J Neurol Neurosurg Psychiatry 76:1211-1216 doi:10.1136/jnnp.2004.045237
  • Paper

How useful is [123I]β-CIT SPECT in clinical practice?

  1. J Eerola1,
  2. P J Tienari1,
  3. S Kaakkola1,
  4. P Nikkinen2,
  5. J Launes1
  1. 1Department of Neurology, Helsinki University Central Hospital, Helsinki, Finland
  2. 2HUSLAB, Division of Clinical Physiology and Nuclear Medicine, Helsinki University Central Hospital
  1. Correspondence to:
 Dr Johanna Eerola
 Department of Neurology, HUCH, PO Box 340, FIN-00029 HUS, Helsinki, Finland;
  • Received 10 May 2004
  • Accepted 18 December 2004
  • Revised 16 December 2004


Objective: To assess the accuracy and clinical usefulness of [123I]β-CIT (2β-carbomethoxy-3β-(4-iodophenyl)tropane) SPECT in the differential diagnosis of Parkinson’s disease.

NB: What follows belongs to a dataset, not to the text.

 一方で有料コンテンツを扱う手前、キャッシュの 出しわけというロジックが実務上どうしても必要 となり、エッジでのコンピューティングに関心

Subjects: 185 consecutive patients with symptoms of movement disorder were studied. The diagnoses were Parkinson’s disease (92), essential tremor (16), vascular parkinsonism (15), various Parkinson plus syndromes (P+) (12), dementia with Lewy bodies (DLB) (5), dystonia (5), drug induced movement disorder (12), and other diagnoses (8). A reference group (psychogenic parkinsonism) comprised 20 subjects with complaints suggesting extrapyramidal disease but with no unequivocal signs on clinical examination and no abnormalities on brain imaging.

Results: β-CIT uptake was significantly lower in the whole striatum as well as separately in the putamen and in the caudate nucleus in Parkinson’s disease than in the reference group or in drug induced movement disorder, essential tremor, or dystonia. The uptake of β-CIT in the vascular parkinsonism group was heterogeneous and mean β-CIT uptake fell between the reference group and the Parkinson’s disease group. In the P+ and DLB groups the striatal uptake ratios overlapped those of the Parkinson’s disease group.

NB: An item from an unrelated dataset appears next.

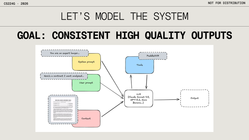 Here’s what that looks like concretely. Imagine you’re building a contract analysis tool: the system prompt says “You are an expert lawyer…”, the user prompt includes the analysis request, the context includes the actual contract document, and a tool like PaddleOCR handles document extraction.
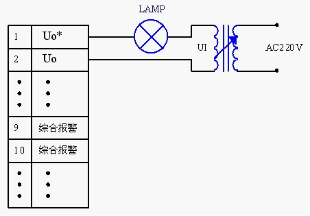 ? 給裝置信號輸入端“Uo*,Uo” 輸入工頻30V~120V之間電壓,此時伴隨燈泡閃爍一次,“單相接地”指示燈亮、綜合報(bào)警接點(diǎn)閉合。當(dāng)輸入信號小于30V時,本裝置不動作。

Conclusions: [123I]β-CIT SPECT may not be as useful a tool in the clinical differential diagnosis of Parkinson’s disease as was previously believed, but it was 100% sensitive and specific for the diagnosis in younger patients (age <55 years). In older patients (age >55 years) specificity was substantially lower (68.5%). This differential specificity reflected the different distribution of differential diagnostic disorders (P+, DLB, vascular parkinsonism) in the older and younger age groups.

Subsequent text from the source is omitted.